There are many personal and deeply painful tragedies occurring as a direct result of these experts’ failure to understand the consequences of mortgage companies approving so many subprime loans. Americans are learning a hard lesson from the wave of foreclosures, layoffs and entire retirement funds being wiped. We can not depend on the experts. Instead we need to be aggressive in developing a higher level of financial literacy.

If Black women were more aggressive in understanding exactly what we were signing off on when buying houses—many of us for the first time—we would not be reading all these heartbreaking stories in newspapers.  Black women are the ones mostly affected and I find this unacceptable.  The New York Times wrote an article titled Baltimore Finds Subprime Crisis Snags Women.  It states that “black women are as much as five times more likely to receive subprime mortgages than white men.”  One woman admits not understanding the difference between a fixed rate mortgage and an adjustable rate mortgage.

Of course there are many women who were smart enough to choose a fixed rate because they understood a thing or two about economics. So if you’re in that category try adopting the each one teach one attitude.  Don’t be stingy with your knowledge if you’ve got it. If you don’t, be bold and link up with someone who majored in business, law, economics or a combination of those disciplines. Ask them to point you in the right direction of what you should be reading or to deconstruct complex ideas. Lord knows it is hard to find the time to sit down and read every book, legislation, newspaper article etc. written on sectors directly linked to the economy.  So it helps to know where the golden nuggets of information can be found. Instead of wasting time sorting through everything you come across.

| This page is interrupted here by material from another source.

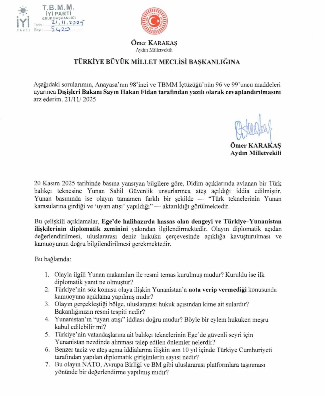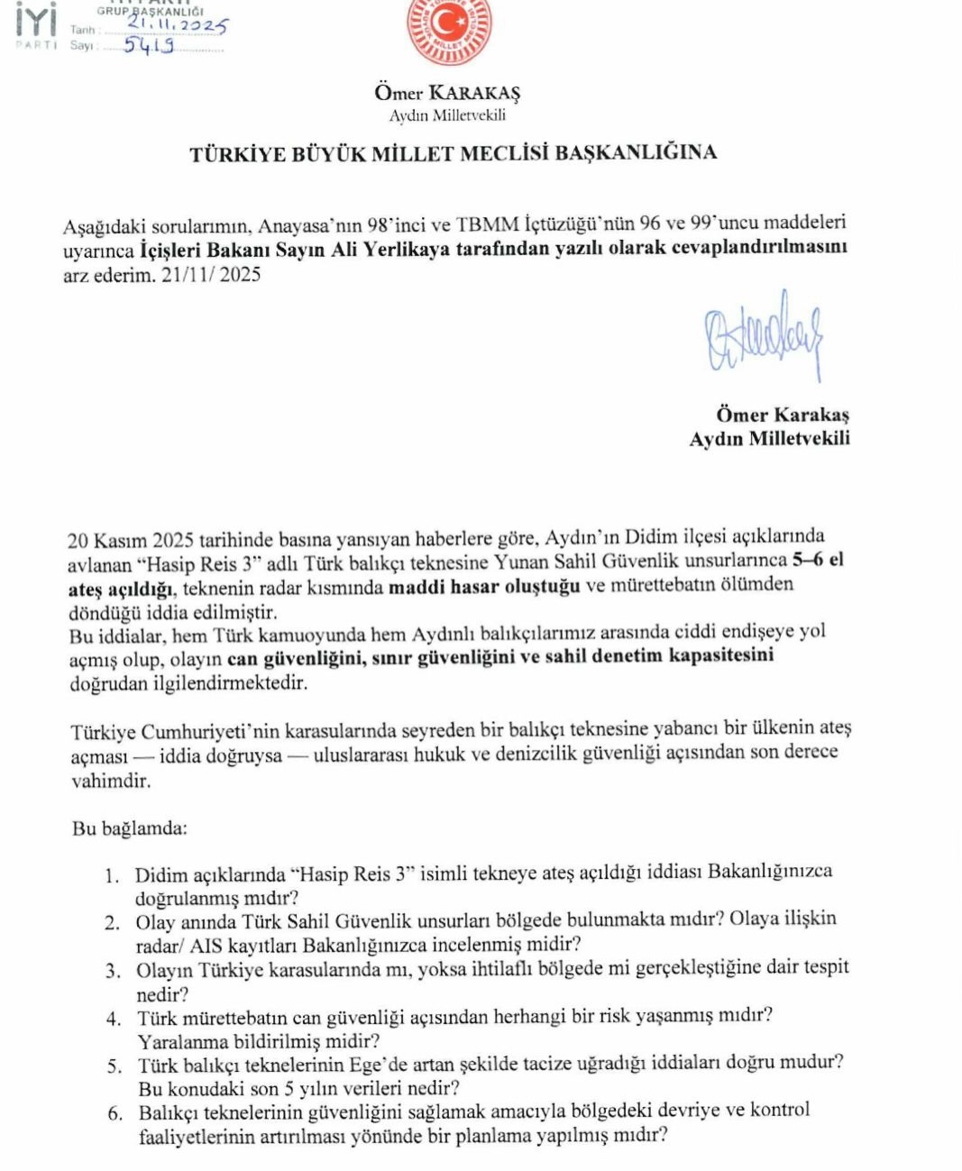 İYİ Parti Aydın Milletvekili Ömer Karakaş, Didim açıklarında avlanan bir Türk balıkçı teknesine Yunan Sahil Güvenlik unsurlarınca ateş açılmasını “son derece vahim” olarak nitelendirerek, olayla ilgili hem İçişleri Bakanlığı’na hem de Dışişleri Bakanlığı’na soru önergeleri verdiğini açıkladı. Olay, 18 Kasım gecesi Ege denizinde meydana geldi. Yaşanan olayda, Didim Taşburun Balıkçı Barınağı’ndan avlanmak üzere denize açılan “Hasip Reis 3” adlı tekneye, Didim açıklarında Yunan Sahil Güvenlik ekiplerinin 5 el ateş açtığı açıklandı.

If you really want to aggressively get to the next level of financial literacy start a financial literacy club with these people. If you’ve got the knowledge suggest leading a club for others who you think will benefit. Now I’m not suggesting finding an expert to lean on so they can make financial decisions for you.  You’re looking for knowledge that you can teach your daughter so she can teach her daughter.  Swap ideas and insight like you swap recipes and pass them down from generation to generation.  Make index funds and mortgage backed securities household terms that are as common as brown sugar and baking soda. We need to find time in our schedules now and study these things because we can’t depend on the “experts” any longer.